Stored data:
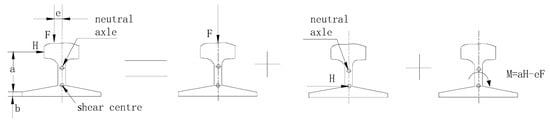 While the vehicle is running on the track, the vertical wheel loads are not forced in the centerline of the track and the transverse loads are not exerted in shear-three-center of the track section, which causes torsion movement on the track. Under general conditions, the track’s vertical and transverse displacements and rotation angles are independent from each other, all of which could be superposed linearly and thus the three aspects may be considered, respectively, as shown in Figure 10. As for the sub-track dynamic response, only the action of vertical wheel loads was considered.
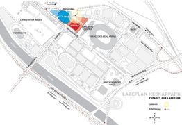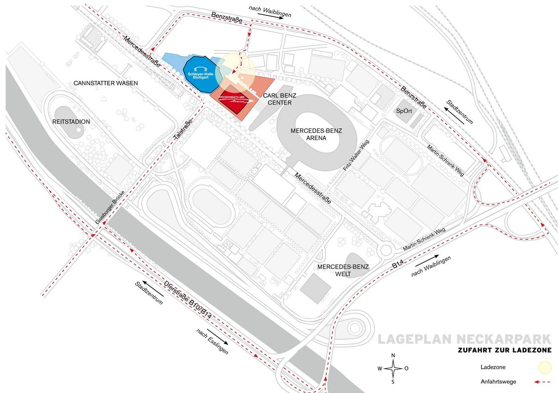 The delivery for the Hallenduo in the NeckarPark with the Hanns-Martin-Schleyer-Hall and the Porsche-Arena takes place centrally via the access road at the Benzstraße.
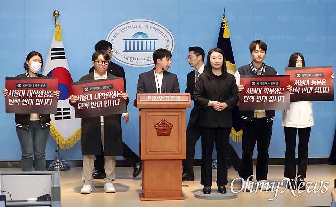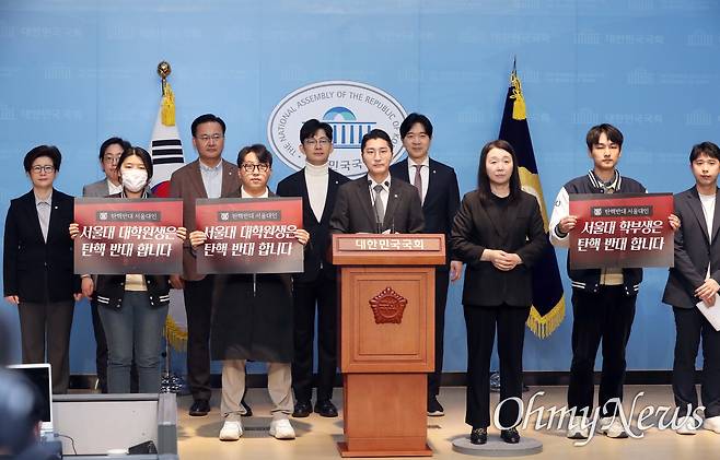 | ▲ '탄핵 반대' 서울대생 국회 회견 주선한 박준태 의원 서울대 과잠바를 입은 서울대생들이 14일 오전 서울 여의도 국회 소통관에서 윤석열 대통령 탄핵 반대 기자회견을 하고 있다. 이날 회견을 주선한 국민의힘 박준태 의원(가운데) 이외에도 조지연, 유상범, 박충권, 박성훈, 강선영 의원이 이날 회견에 동석했다. |
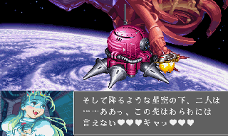 And so it was that Princess Devilotte became the evil Empress of the entire galaxy, and the Death Satan Royal House ruled over all star systems, thriving by oppressing and exploiting the people. Princess Devilotte would later bring the entire universe under her control, taking the title "The Fiendish Heavenly Empress Lovely Devilotte," but that is a story for another time. Thus concludes "Super Galaxy Legend Chapter Thirteen: Devilotte Forever." |
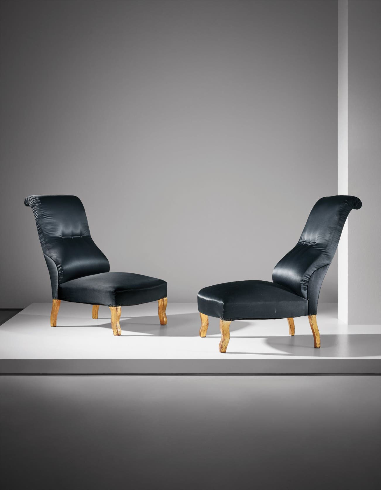 The inclusion of a pair of chairs that recall a nineteenth-century aesthetic can be attributed to Mollino’s ability to create an interior that tells a story, glorifying the relics of the family’s past (furniture, works of art, and antique rugs) always found in important aristocratic residences. The two buttons on the curved seatback upholstery evoke a pair of worried eyes, as if they belonged to a surrealist creature with golden legs.
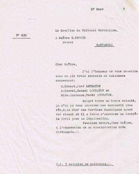 COURRIER ADRESSÉ LE 12/03/1947 À G. KESSIS, AVOCAT À MARRAKECH
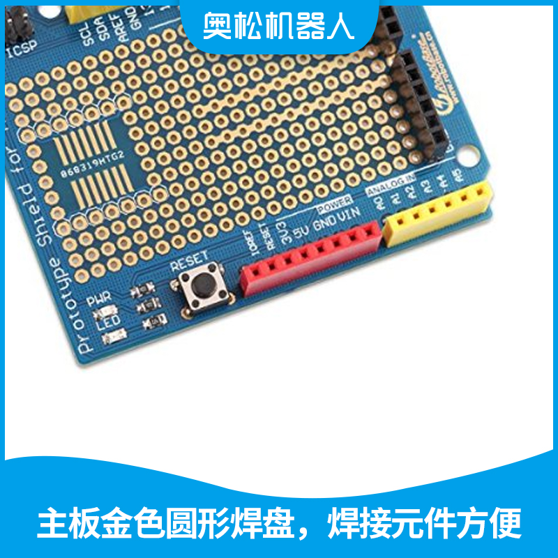 2014年新推出的Arduino Prototype Shield v6.0原型扩展板采用PCB沉金工艺加工,主板金色圆形焊盘,焊接元件方便;SOP14贴片元件封装,使Arduino电子爱好者更加得心应手,不会被直插元件所束缚;此板不仅可以无缝插接到Arduino Duemilanove控制器上,直接将元件焊接到上面,完成各种原型电路,还可以粘贴Mini面包板,通过7彩跳线完成各种电路实验,板子集成电源指示灯和状态指示灯,以及复位按键,轻松学习Arduino Duemilanove控制器首选原型扩展板。

Task prompt:
Although pictures appear among the records above, none are to be output; print exactly the lines from the line containing "회견에 동석했다. |" through the line containing "And so it was".

Task output:
 | ▲ '탄핵 반대' 서울대생 국회 회견 주선한 박준태 의원 서울대 과잠바를 입은 서울대생들이 14일 오전 서울 여의도 국회 소통관에서 윤석열 대통령 탄핵 반대 기자회견을 하고 있다. 이날 회견을 주선한 국민의힘 박준태 의원(가운데) 이외에도 조지연, 유상범, 박충권, 박성훈, 강선영 의원이 이날 회견에 동석했다. |
 And so it was that Princess Devilotte became the evil Empress of the entire galaxy, and the Death Satan Royal House ruled over all star systems, thriving by oppressing and exploiting the people. Princess Devilotte would later bring the entire universe under her control, taking the title "The Fiendish Heavenly Empress Lovely Devilotte," but that is a story for another time. Thus concludes "Super Galaxy Legend Chapter Thirteen: Devilotte Forever." |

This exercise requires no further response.